Problem description: Your task is to give the number of lines below that contain "This". Give no other text.

Source material:

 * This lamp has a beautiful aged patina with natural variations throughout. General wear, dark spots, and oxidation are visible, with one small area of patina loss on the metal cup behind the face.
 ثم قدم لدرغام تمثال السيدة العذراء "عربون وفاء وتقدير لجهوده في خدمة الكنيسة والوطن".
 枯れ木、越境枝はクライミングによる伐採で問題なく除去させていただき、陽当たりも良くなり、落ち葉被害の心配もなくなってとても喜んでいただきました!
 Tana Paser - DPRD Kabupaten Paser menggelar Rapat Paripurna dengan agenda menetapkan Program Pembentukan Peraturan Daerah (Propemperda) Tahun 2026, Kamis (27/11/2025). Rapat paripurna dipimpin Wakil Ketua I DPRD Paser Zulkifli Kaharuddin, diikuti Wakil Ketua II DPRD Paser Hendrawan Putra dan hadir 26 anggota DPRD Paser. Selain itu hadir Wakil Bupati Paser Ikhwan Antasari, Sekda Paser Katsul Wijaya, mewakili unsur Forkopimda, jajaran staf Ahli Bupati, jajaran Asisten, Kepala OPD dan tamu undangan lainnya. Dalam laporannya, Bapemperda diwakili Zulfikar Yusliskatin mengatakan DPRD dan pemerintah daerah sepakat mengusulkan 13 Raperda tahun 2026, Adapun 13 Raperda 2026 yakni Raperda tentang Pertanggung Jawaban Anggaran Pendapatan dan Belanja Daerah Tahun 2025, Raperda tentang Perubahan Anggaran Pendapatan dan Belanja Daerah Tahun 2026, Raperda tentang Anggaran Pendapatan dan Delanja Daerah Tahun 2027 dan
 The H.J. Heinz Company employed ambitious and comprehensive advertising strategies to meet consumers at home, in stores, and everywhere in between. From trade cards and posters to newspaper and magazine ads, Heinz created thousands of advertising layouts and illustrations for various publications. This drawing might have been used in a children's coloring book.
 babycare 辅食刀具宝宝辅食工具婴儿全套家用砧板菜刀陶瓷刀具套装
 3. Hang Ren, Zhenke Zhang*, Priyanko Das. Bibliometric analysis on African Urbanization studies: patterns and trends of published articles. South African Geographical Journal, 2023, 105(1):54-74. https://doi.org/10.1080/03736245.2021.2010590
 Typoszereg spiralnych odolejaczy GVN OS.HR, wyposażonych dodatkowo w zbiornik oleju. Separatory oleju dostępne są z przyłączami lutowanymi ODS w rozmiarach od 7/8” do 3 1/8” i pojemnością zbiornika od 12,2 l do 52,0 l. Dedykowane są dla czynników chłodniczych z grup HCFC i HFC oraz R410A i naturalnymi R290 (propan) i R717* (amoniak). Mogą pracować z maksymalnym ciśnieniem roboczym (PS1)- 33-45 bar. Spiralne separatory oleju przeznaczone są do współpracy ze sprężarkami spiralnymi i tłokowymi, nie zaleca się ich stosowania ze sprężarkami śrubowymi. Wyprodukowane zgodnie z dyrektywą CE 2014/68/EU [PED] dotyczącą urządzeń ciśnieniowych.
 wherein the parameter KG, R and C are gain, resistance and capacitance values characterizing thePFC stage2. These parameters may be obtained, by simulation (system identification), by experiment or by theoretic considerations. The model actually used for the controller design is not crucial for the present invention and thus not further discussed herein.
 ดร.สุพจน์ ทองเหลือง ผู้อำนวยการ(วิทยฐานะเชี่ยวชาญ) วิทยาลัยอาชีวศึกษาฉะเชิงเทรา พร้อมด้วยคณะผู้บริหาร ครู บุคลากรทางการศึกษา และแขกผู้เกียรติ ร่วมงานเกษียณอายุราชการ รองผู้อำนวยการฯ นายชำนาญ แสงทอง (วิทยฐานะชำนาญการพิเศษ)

Written solution: 2